Exercise goal ->
Repeat word for word the lines from the one containing "近日,公司王延隆老师所撰文章" to the end of the material below, and leave all pictures out.
====
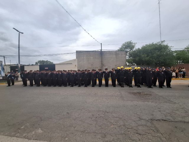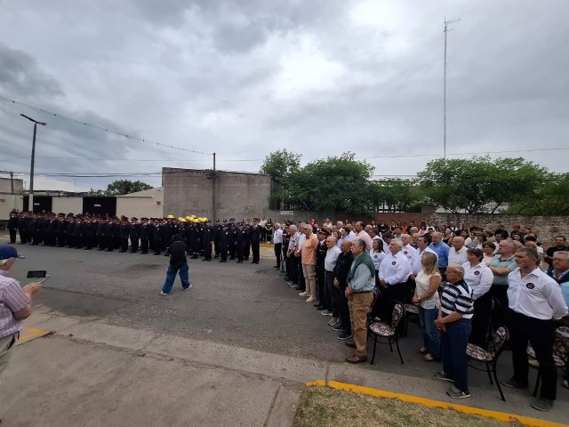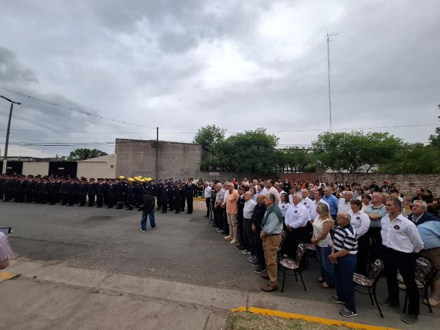 La ceremonia contó con la presencia del intendente Esteban Reino, el secretario de Gobierno Ricardo Stoppani, el presidente de la Asociación de Bomberos Voluntarios, Silvio Cattáneo, el jefe del Cuerpo Activo, Federico Mancini, el presidente del Honorable Concejo Deliberante, Agustín Cassini, además de autoridades políticas, exintegrantes del Consejo Directivo, colaboradores, Cuerpo Activo, Cuerpo de Reserva, Escuela de Cadetes, familiares de bomberos y vecinos.
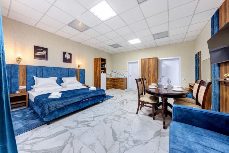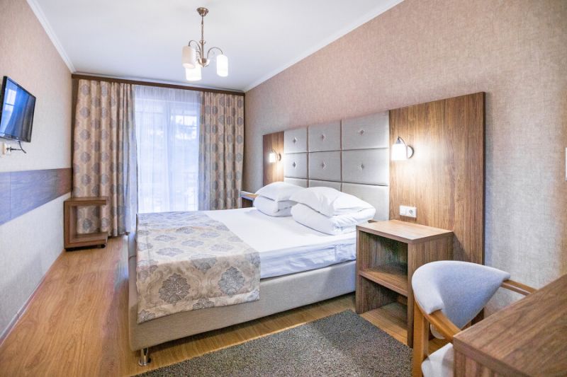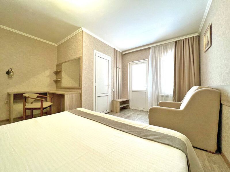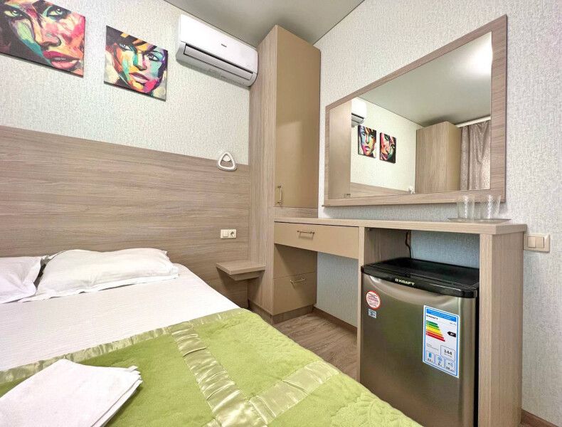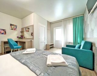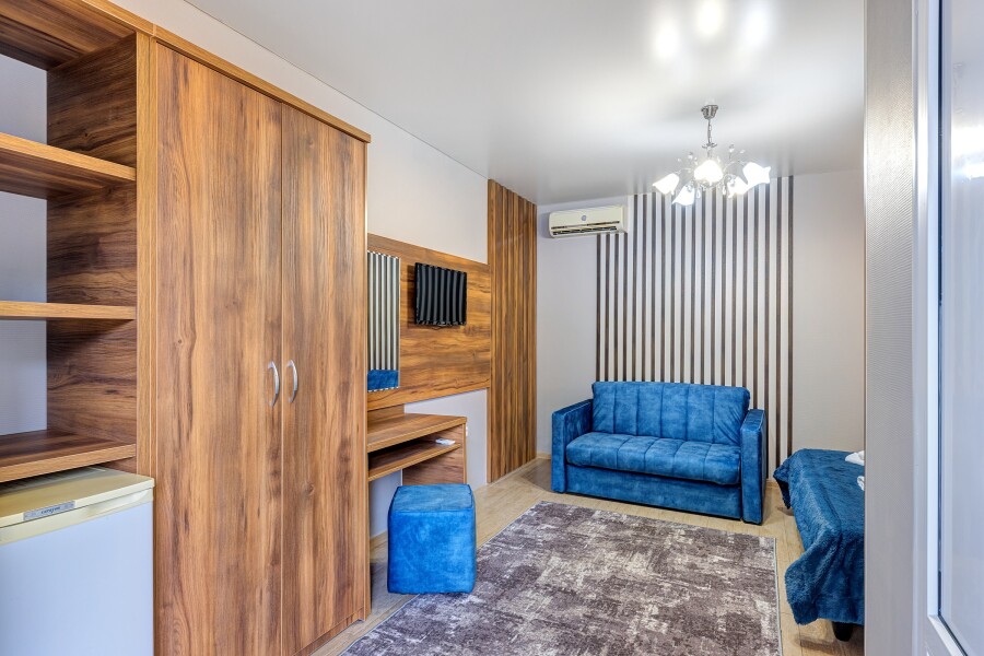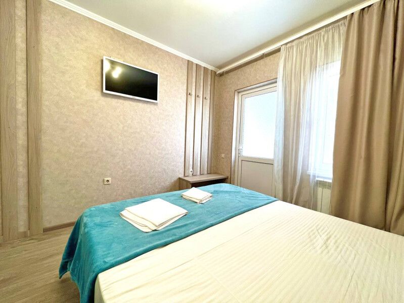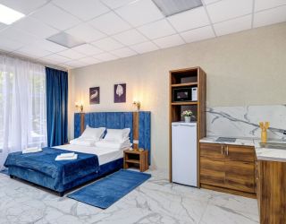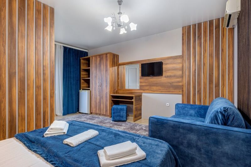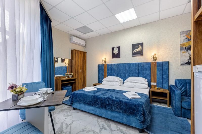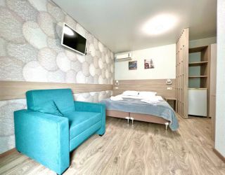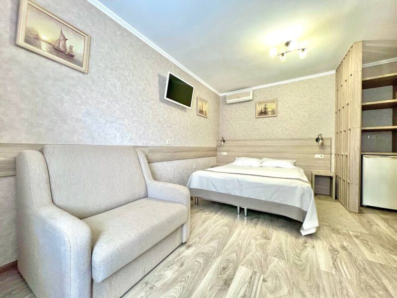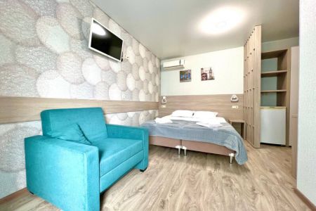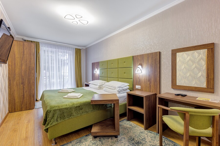 Трехэтажный корпус гостевого дома занимает благоустроенную закрытую территорию в тихом зеленом квартале. В распоряжении гостей однокомнатные и двухкомнатные номера. В каждом предусмотрен санузел, есть кондиционер, плазменный телевизор, небольшой холодильник.
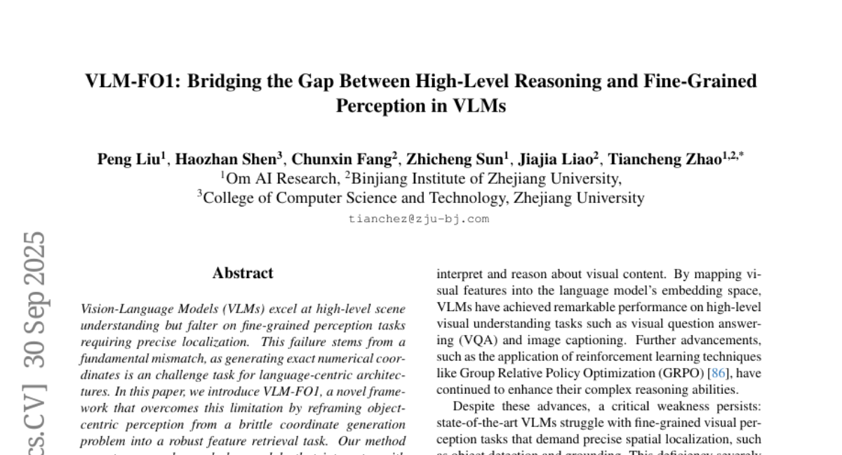 30. VLM-FO1: Bridging the Gap Between High-Level Reasoning and Fine-Grained Perception in VLMs
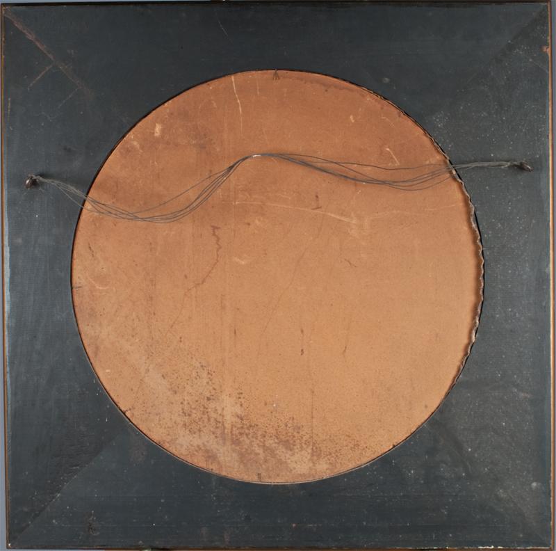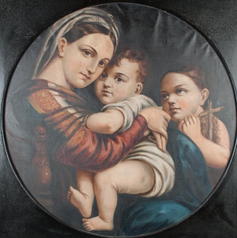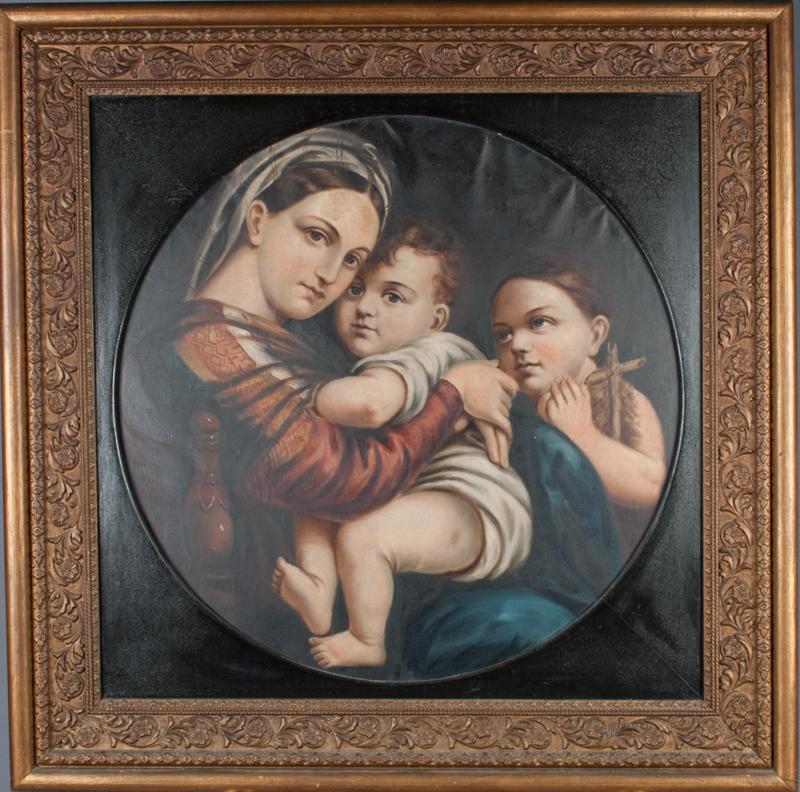 Painted to depict and mother and two children one child pulling a wooden cross they appear to be sitting on a bed as one spindle is exposed, painted on canvas laid on board in a circular format, unsigned, mounted in a wonderful carved wood and gesso frame, 25"D sight, 35"H X 35"W frame, small puncture whole .25" D not in figures, circa 1900 and possibly much earlier very well done.
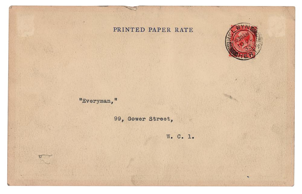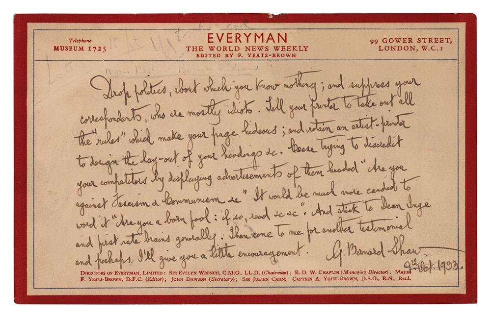 ALS signed “G. Bernard Shaw,” one page, 8 x 5.25, Everyman, The World News Weekly mailing card letterhead, October 9, 1933. Scathing and humorous handwritten letter from Shaw to an apparent publisher, in full: “Drop politics, about which you know nothing; and suppress your correspondents, who are mostly idiots. Tell your printer to take out all the ‘rules’ which make your page hideous; and retain an artist-printer to design the lay-out of your headings etc. Cease trying to discredit your competitors by displaying advertisements of them headed ‘Are you against Fascism & Communism etc.’ It would be much more candid to word it ‘Are you a born fool: if so, read etc etc.’ And stick to Dean Inge and first rate brains generally. Then come to me for another testimonial and perhaps I’ll give you a little encouragement.” In fine condition.
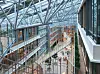 Bærende konstruksjon over bakkeplan består av plasstøpt betong og stål. Taket er tilnærmet flatt. Glasstaket over glassgården er på drøye 2.000 kvadratmeter. Fasadene er tekket med fiberbetong og aluminium og har store glassfelt mot glassgården.
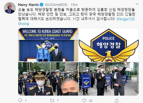 해리스 대사는 이날 오후 트위터를 통해 "해양경찰청 본청을 처음으로 방문해 김홍희 해경청장을 만났다"고 밝혔다.
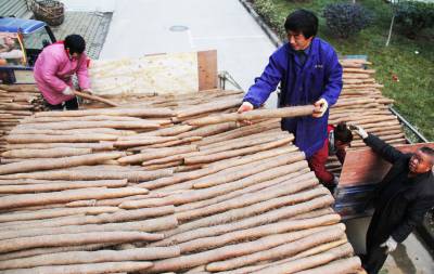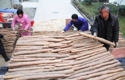 谷城山药俏销全国 2月6日,冷集镇农民正在集市上批发“绿色”山药,供应春节市场。谷城县冷集镇农民种植的2万亩山药,亩平产量3500公斤,产值达4亿元。由于该镇农民坚持无公害种植,山药俏销全国30多个大中城市。 视界网马明刚摄
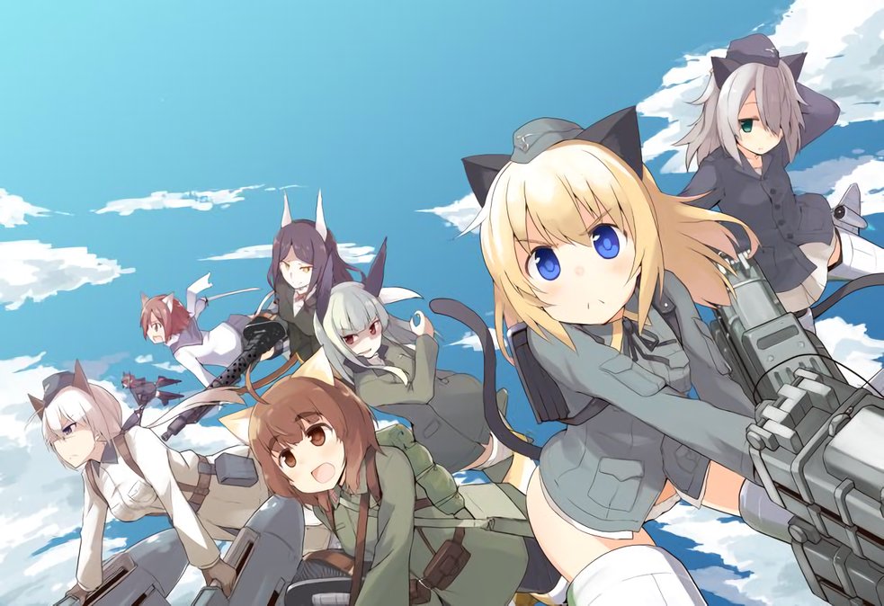 6+girls animal_ears artist_request blonde_hair blue_eyes brown_eyes character_request cloud cloudy_sky constantia_cantacuzino day green_eyes grete_m._gollob grey_hair hair_over_one_eye hanna_rudel head_wings helma_lennartz holding holding_weapon inufusa_yuno long_hair multiple_girls nishizawa_yoshiko open_mouth panties short_hair sky strike_witches strike_witches:_suomus_misfits_squadron tail third-party_source underwear weapon white_panties wings world_witches_series
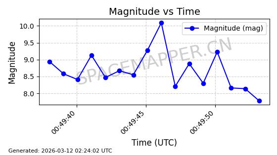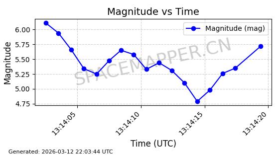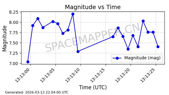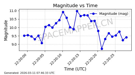 | GLOBALSTAR M022 | 25649 | 25649 | 1999-03-15 同日期轨道 1999-012A 同批次轨道 | 在轨 | 120分钟 | 52.0032 | 1667.584 | 1671.694 | 0.0002553 | 2026-03-12 23:50:32 | ||
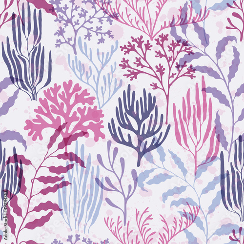 Coral reef seamless pattern., Tropical coral reef branch silhouette elements.
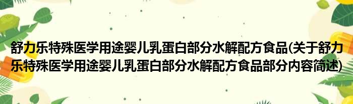 舒力乐特殊医学用途婴儿乳蛋白部分水解配方食品(关于舒力乐特殊医学用途婴儿乳蛋白部分水解配方食品部分内容简述)
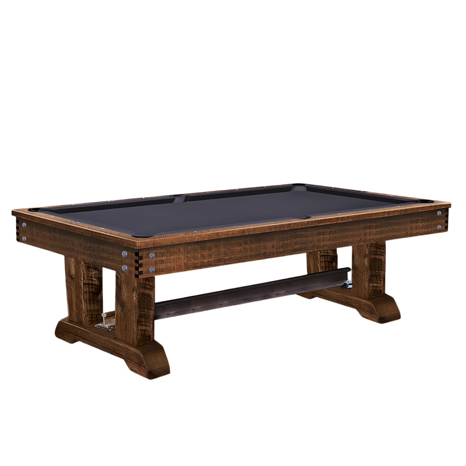 The Midland Rustic Brown Pool Table features a striking trestle-style base crafted from a section of decommissioned railroad rail paired with reclaimed hardwood crosstie timbers. Sourced during the course of operating a railroad maintenance business, these materials are reimagined for historic preservation and sustainability, giving each table a unique story.
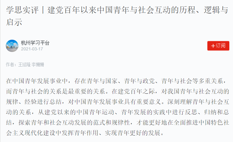 近日,公司王延隆老师所撰文章《建党百年以来中国青年与社会互动的历程、逻辑与启示》为学习强国杭州学习平台“学思实评”专栏收录。
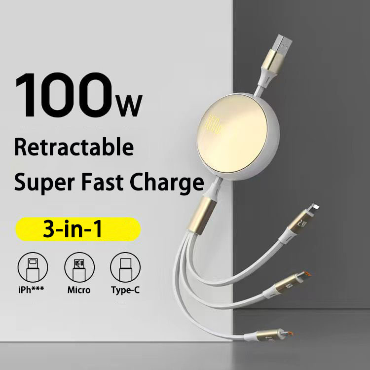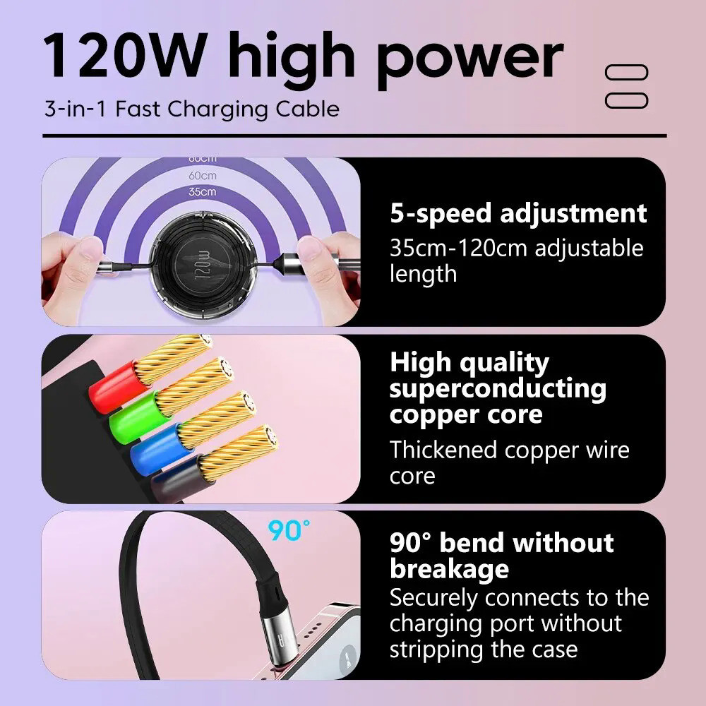 120W 3 in 1 Retractable Fast Charging Cable Micro USB Type C 6A 3in1 Mobile phone Charge Wire Quick Charger Data Cable
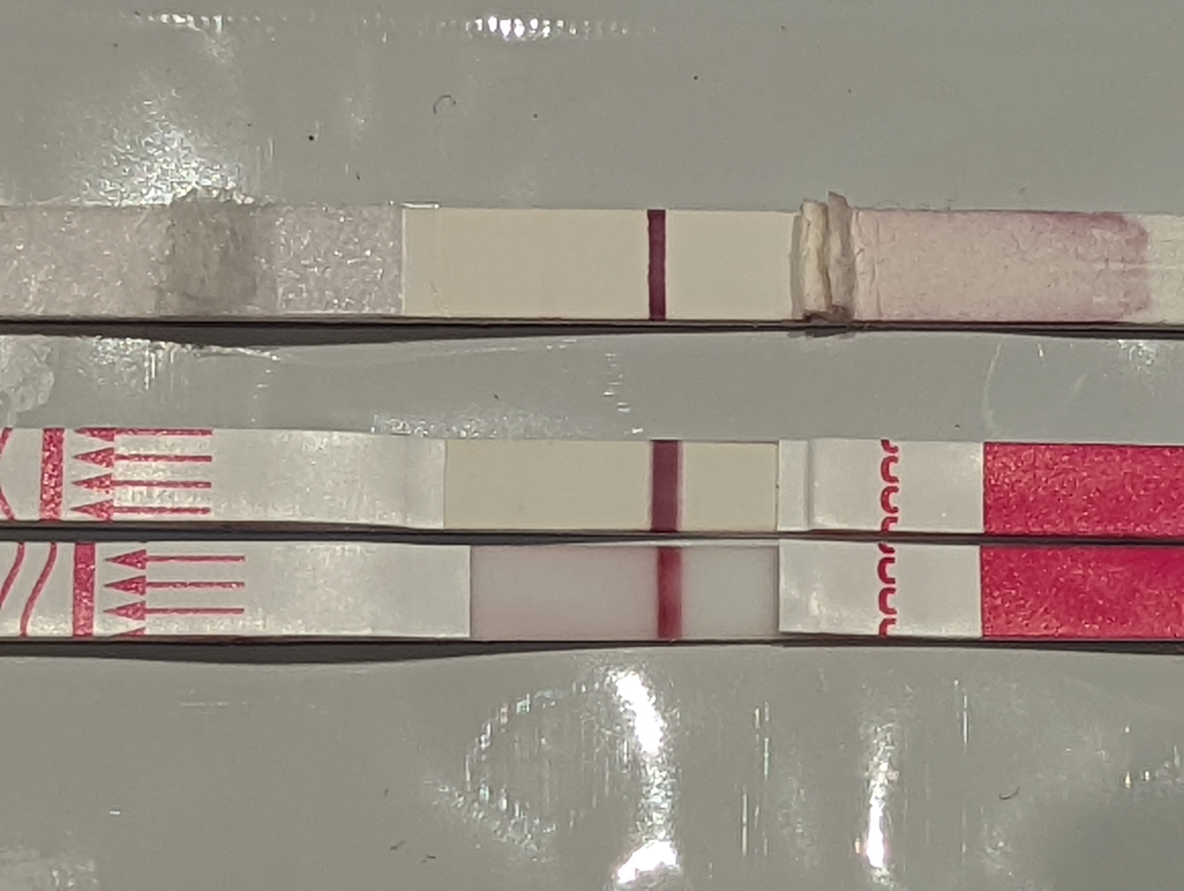 Täs vielä kuva testeistä :) ylimmät kaks on eilen tehtyjä ja kuvahetkellä jo kuivuneita, mut vielä niissä vähän näkyy. Ylin apteekin ultra, alempana sit medigoot. Alin on aamulla tehty ja vielä tuore kuvaa ottaessa.
====
Output of the exercise ->
 近日,公司王延隆老师所撰文章《建党百年以来中国青年与社会互动的历程、逻辑与启示》为学习强国杭州学习平台“学思实评”专栏收录。
 120W 3 in 1 Retractable Fast Charging Cable Micro USB Type C 6A 3in1 Mobile phone Charge Wire Quick Charger Data Cable
 Täs vielä kuva testeistä :) ylimmät kaks on eilen tehtyjä ja kuvahetkellä jo kuivuneita, mut vielä niissä vähän näkyy. Ylin apteekin ultra, alempana sit medigoot. Alin on aamulla tehty ja vielä tuore kuvaa ottaessa.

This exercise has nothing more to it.